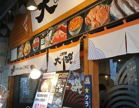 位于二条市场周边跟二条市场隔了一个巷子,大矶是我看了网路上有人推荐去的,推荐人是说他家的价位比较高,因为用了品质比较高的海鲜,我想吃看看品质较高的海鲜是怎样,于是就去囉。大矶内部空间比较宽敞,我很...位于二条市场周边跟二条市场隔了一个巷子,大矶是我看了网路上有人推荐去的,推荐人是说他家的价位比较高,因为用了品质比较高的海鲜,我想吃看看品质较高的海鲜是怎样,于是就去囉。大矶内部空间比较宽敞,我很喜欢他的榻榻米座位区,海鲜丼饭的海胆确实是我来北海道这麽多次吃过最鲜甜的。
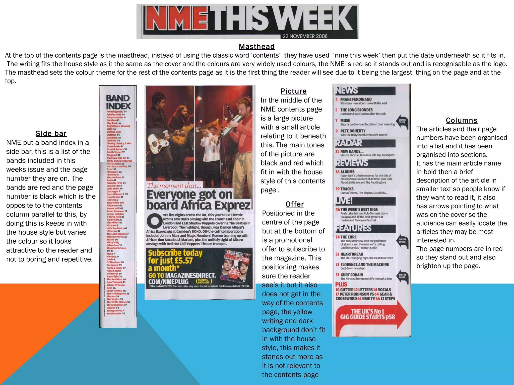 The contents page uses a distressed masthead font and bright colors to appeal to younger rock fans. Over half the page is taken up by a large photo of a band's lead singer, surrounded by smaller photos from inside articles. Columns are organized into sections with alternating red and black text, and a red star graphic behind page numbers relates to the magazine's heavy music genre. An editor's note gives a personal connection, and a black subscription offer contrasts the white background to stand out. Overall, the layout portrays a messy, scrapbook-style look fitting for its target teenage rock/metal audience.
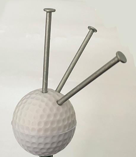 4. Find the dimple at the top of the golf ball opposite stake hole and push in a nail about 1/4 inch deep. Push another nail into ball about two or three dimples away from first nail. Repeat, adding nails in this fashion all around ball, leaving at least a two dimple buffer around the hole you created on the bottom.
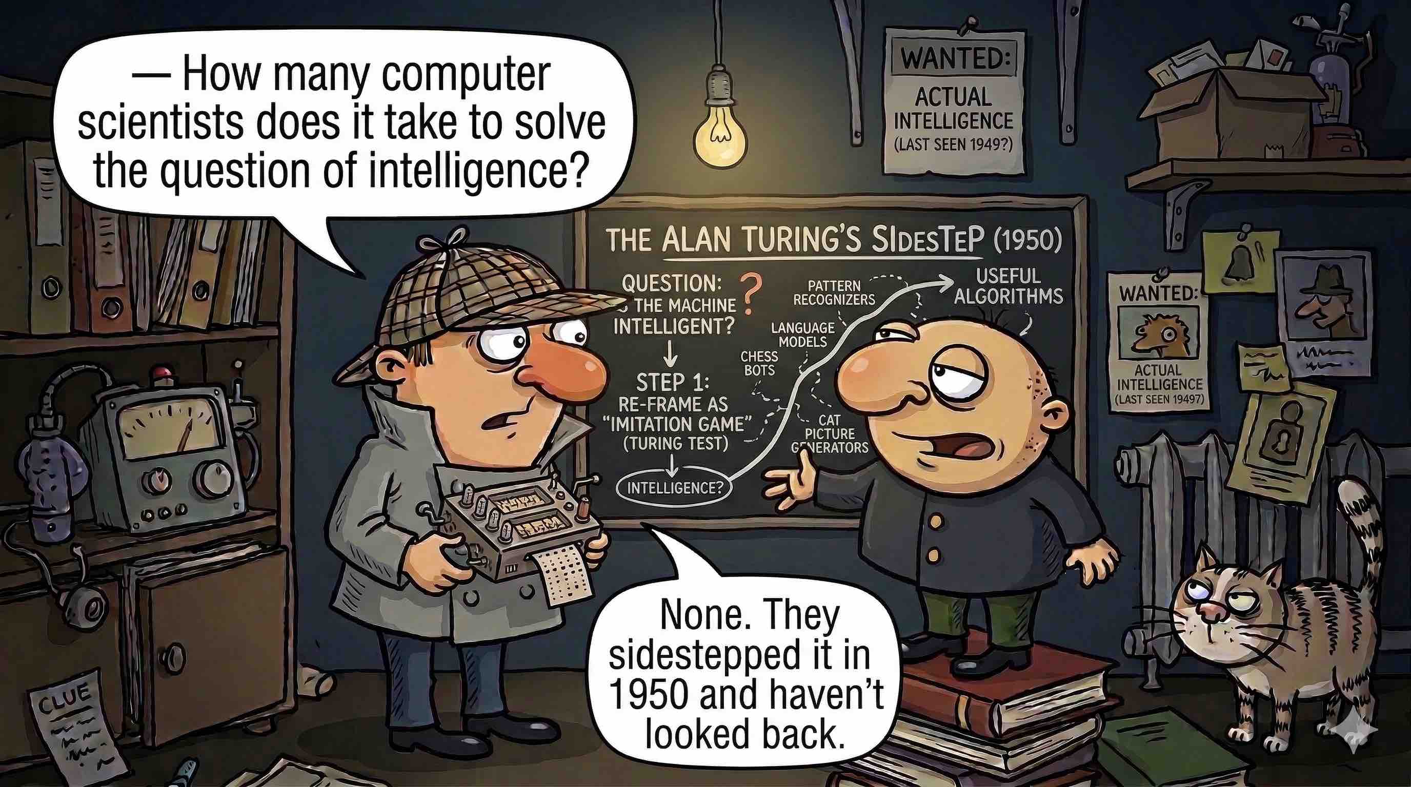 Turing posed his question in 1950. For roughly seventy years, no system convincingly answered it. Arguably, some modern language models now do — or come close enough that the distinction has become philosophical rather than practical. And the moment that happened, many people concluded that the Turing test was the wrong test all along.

==============================

Exact repetition of each line above is expected; images are to be omitted.

 位于二条市场周边跟二条市场隔了一个巷子,大矶是我看了网路上有人推荐去的,推荐人是说他家的价位比较高,因为用了品质比较高的海鲜,我想吃看看品质较高的海鲜是怎样,于是就去囉。大矶内部空间比较宽敞,我很...位于二条市场周边跟二条市场隔了一个巷子,大矶是我看了网路上有人推荐去的,推荐人是说他家的价位比较高,因为用了品质比较高的海鲜,我想吃看看品质较高的海鲜是怎样,于是就去囉。大矶内部空间比较宽敞,我很喜欢他的榻榻米座位区,海鲜丼饭的海胆确实是我来北海道这麽多次吃过最鲜甜的。
 The contents page uses a distressed masthead font and bright colors to appeal to younger rock fans. Over half the page is taken up by a large photo of a band's lead singer, surrounded by smaller photos from inside articles. Columns are organized into sections with alternating red and black text, and a red star graphic behind page numbers relates to the magazine's heavy music genre. An editor's note gives a personal connection, and a black subscription offer contrasts the white background to stand out. Overall, the layout portrays a messy, scrapbook-style look fitting for its target teenage rock/metal audience.
 4. Find the dimple at the top of the golf ball opposite stake hole and push in a nail about 1/4 inch deep. Push another nail into ball about two or three dimples away from first nail. Repeat, adding nails in this fashion all around ball, leaving at least a two dimple buffer around the hole you created on the bottom.
 Turing posed his question in 1950. For roughly seventy years, no system convincingly answered it. Arguably, some modern language models now do — or come close enough that the distinction has become philosophical rather than practical. And the moment that happened, many people concluded that the Turing test was the wrong test all along.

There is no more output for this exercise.